When Truman left office, his approval rating stood at 25 percent. Yet today, because of his firm approach to national security, Truman — whom the press portrayed as a simpleton — is viewed as one of the great presidents.

Similarly, the media have portrayed Bush as a buffoon, a religious fanatic, or a monster with the temerity to topple a man who had killed 300,000 people, not to mention liberating 50 million people.

In the same way, Democratic papers and critics disparaged Abraham Lincoln as a "dictator, ridiculed him as a baboon, damned him as stupid and incompetent . . ." according to Stephen B. Oates' book, "With Malice Toward None."

Ronald Reagan was portrayed by the media as a bellicose fool. When Reagan appealed to Soviet leader Mikhail Gorbachev to "tear down this wall," liberals cringed. Yet Reagan's policy of dramatically increasing defense spending eventually convinced the Soviets essentially to give up, leading to a Russian democracy.

Righteous Leaders Always Stay the Course

Ultimately, the distortions in the media rub off on voters. But despite the criticism, these leaders stayed the course. They understood, as country music singer Toby Keith sang in "American Soldier," that "freedom don't come free."

"Instead of approaching each day saying, ‘How do I get through the day?' the president approaches problems by saying, ‘How do we solve the problem?'" Ken Mehlman, chairman of the Republican National Committee and a former director of White House political affairs, told me. "Franklin Roosevelt did the same thing for the country. Ronald Reagan did that for the country."

Thus, when it comes to national security, Bush is not about to cut and run in Iraq, confirming Osama bin Laden's portrayal of the U.S. as a "paper tiger." He is not about to stop listening to calls between al-Qaida and U.S. operatives as they order the next 9/11 attack.

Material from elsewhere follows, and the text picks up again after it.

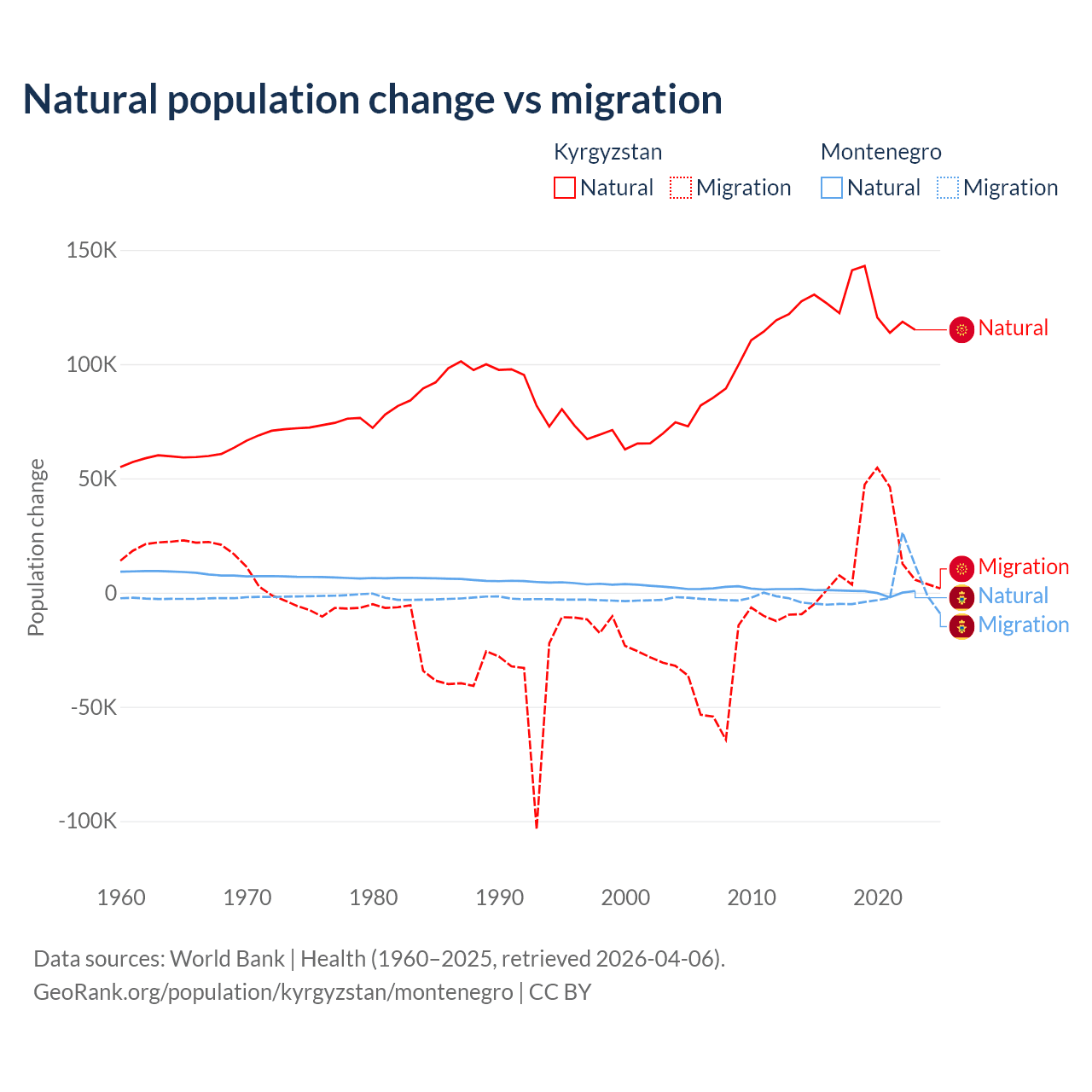 Over the last 10 years, 88.5% of the population change in Kyrgyzstan is from natural causes (a gain of 1,258,837 people) and 11.5% is from migration (a gain of 164,132 people). In Montenegro 52.4% is from natural causes (a gain of 4,501 people) and 47.6% is from migration (a gain of 4,095 people).

He is not about to cave on the USA Patriot Act. Doing so would prevent FBI agents from talking to each other about the same case and prevent the CIA from sharing clues to impending terrorist plots with the FBI.

Bush's policies have paid off.

They have enabled the FBI and CIA, often with the help of foreign partners, to roll up some 5,000 terrorists since 9/11. That success story, in turn, is a major reason we have not been attacked since 9/11. But you will never see the headline "5,000 Terrorists Rolled Up Since 9/11" in The New York Times or The Washington Post.

"The fact is that he does compromise," Nick Calio, Bush's top legislative aide in the first term, told me. "He just waits to do it until it's the right time to maximize what we got out of it. We compromised on each tax bill. On No Child Left Behind, there were compromises. On forming a 9/11 commission, we compromised, for good reason."

At the same time, Bush really does not care about polls, said Calio, now senior vice president for global government affairs at Citigroup.

"He used to say when we were talking about an issue and going down the recommendations, even if the issue was highly politically charged, ‘Look, we've only got a short period of time here. If that turns out to be four years instead of eight, if we do what we think is right, then so be it,'" Calio said. "I would say, ‘We can't do that. We're going to be killed.' But he would not wobble. He has the courage of his own convictions. He will say, ‘That's why I was elected.'"

Bush's Mantra: Keep America Safe

Thus, on key issues like national security, Bush's goal is not to win approval from Nancy Pelosi, Paul Krugman, or Keith Olbermann.

Bush's goal is far simpler: He wants to go back to Texas knowing that he did all he could to prevent another 9/11 attack on America.